Banking stocks also contributed to the general market decline. Vietcombank (VCB) shares fell 2.3% during the week; BIDV (BID) fell 2.2%; VPBank (VPB) fell 0.8%; Vietinbank (CTG) fell 0.7%...
Another notable development is the strong selling decision of foreign investors.
During the week, foreign investors net sold VND2,371 billion on the Ho Chi Minh City Stock Exchange (HOSE), in contrast to the net buying of VND785 billion last week. On the Hanoi Stock Exchange, foreign investors net bought VND36 billion and net sold VND31 billion on the UPCOM.
Electricity stocks surged after the official announcement of the VIII Power Plan. During the week, PGV shares rose 9.6%; REE Refrigeration Electrical Engineering rose 4.8%; Nhon Trach 2 (NT2) rose 3.6%; and Bamboo Capital (BCG) rose 7%.
Public investment stocks also performed positively, such as: CII (+15.0%), HHV (+8.7%) and VCG (+6.4%) thanks to the Government's strong commitments on public investment disbursement.
While foreign investors and institutions sold, individual investors increased their buying in May, which lacked information about businesses but had a lot of information related to solutions to support businesses and the economy.
Long-term positive expectations
Assessing the move to lower the operating interest rate by the State Bank, Mr. Huynh Minh Tuan, founder of FIDT JSC, said that the decision of the State Bank, contrary to developments in the world financial market, will be positive in the long term.
However, Mr. Tuan also expects the policy to be synchronized with increasing the economy's capital absorption capacity and opening credit conditions, combined with the State Bank continuing to buy USD, increasing the supply of VND to the market 1.
Mr. Dinh Quang Hinh, Head of Macro and Market Strategy Department of VNDirect Securities believes that smart money will come to the stock market in the near future.
According to Mr. Hinh, investors should not be disappointed by the negative developments in the week of May 22-26. Accordingly, the impact of monetary policy often has a delay.
In the medium and long term, the cooling of interest rates will have a positive impact on the stock market. Lower interest rates help reduce the opportunity cost of investing in stocks, while also reducing the financial costs of businesses, thereby improving market earnings.
Accordingly, the more positive trend of interest rates and market income will create momentum for the stock market. Therefore, although the interest rate reduction has not had an immediate positive impact on market developments, investors need to see this as an opportunity to accumulate stocks at attractive prices to "anticipate" the market recovery period in the coming time.
Some industries may have superior strength compared to the general level such as banking, securities, public investment (infrastructure construction, construction materials) and energy (electricity, oil and gas).

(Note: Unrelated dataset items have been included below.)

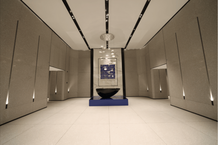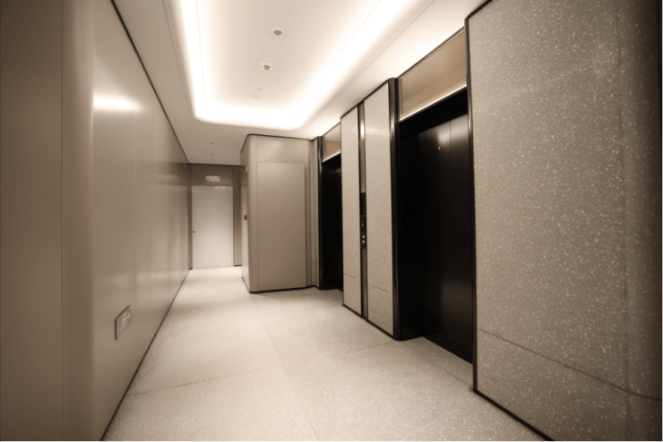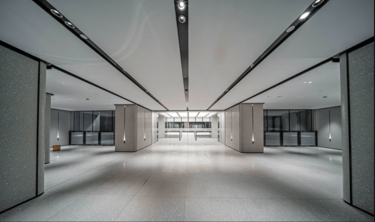 大堂墙面全部采用定制弧面铝板,每一个弧面都代表着经费。
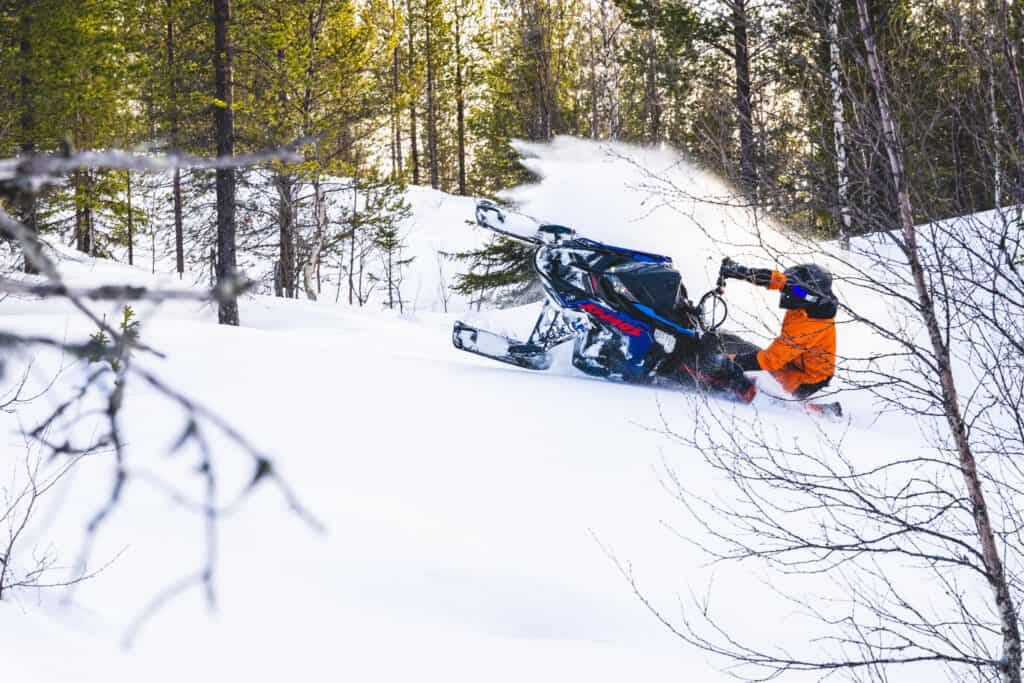 Men en av de största fördelarna känner man vid teknisk körning, när maskinen svarar direkt på input och man kan lyfta skidorna precis när man vill eller göra en vändning för att byta riktning i skogen. Här skulle vi säga att 9R har sin paradgren, en stark motor med en explosiv kraft precis när man önskar den. Effektmässigt känner man dock att Patriot Boost motorn har mer ork högre upp i registret, men 9R har en rappare motorkaraktär. Då ska man ändå vara medveten om att Polaris lyckats riktigt bra med gassvaret på Boostarna, det säger inte så lite om hur pass vass 9R faktiskt är.
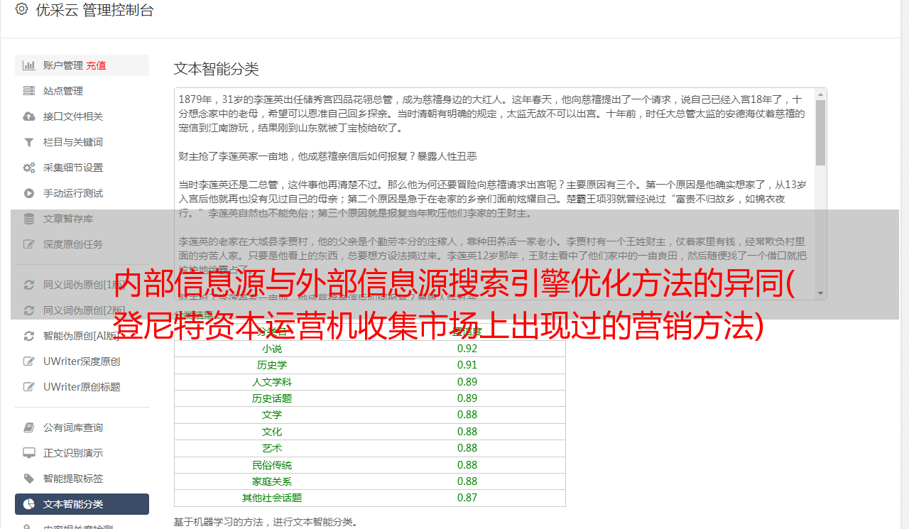 优采云 发布时间: 2021-09-13 18:03内部信息源与外部信息源搜索引擎优化方法的异同(
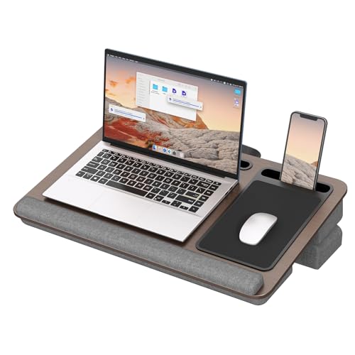 PUTORSEN Laptop Desk Convient à Un Ordinateur Portable jusqu'à 17,3 Pouces, Bureau Portable avec Coussin d'oreiller et Tapis de Souris pour Ordinateur Portable MacBook Tablette, Marron
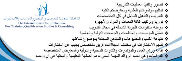 تصور وتنفيذ العمليات التدريبية تأسيس ومراقبة منظومات الجودة الشاملة في مجال التدريب تنظيم مؤتمراتكم العلمية ومعارضكم الفنية

Investors are also concerned about global market turmoil and recession in some regions.
Europe's largest economy - Germany - officially fell into recession last week with 2 consecutive quarters of negative growth. The German economy was heavily affected by the energy shock (after the Russia-Ukraine conflict) and the financial storm as well as changes in the automobile industry.
The United States has also been repeatedly warned that it could fall into recession as consumer demand falls, interest rates remain high and the banking system falls into crisis. The US government is now facing the possibility of running out of money if it does not get approval to raise the debt ceiling.
The decline in consumption in many major economies is assessed to be likely to affect the export activities of many Vietnamese enterprises.
Meanwhile, efforts to loosen monetary policy to support Vietnam's economy and the recent decline of the VND may make foreign capital cautious when pouring into the stock market.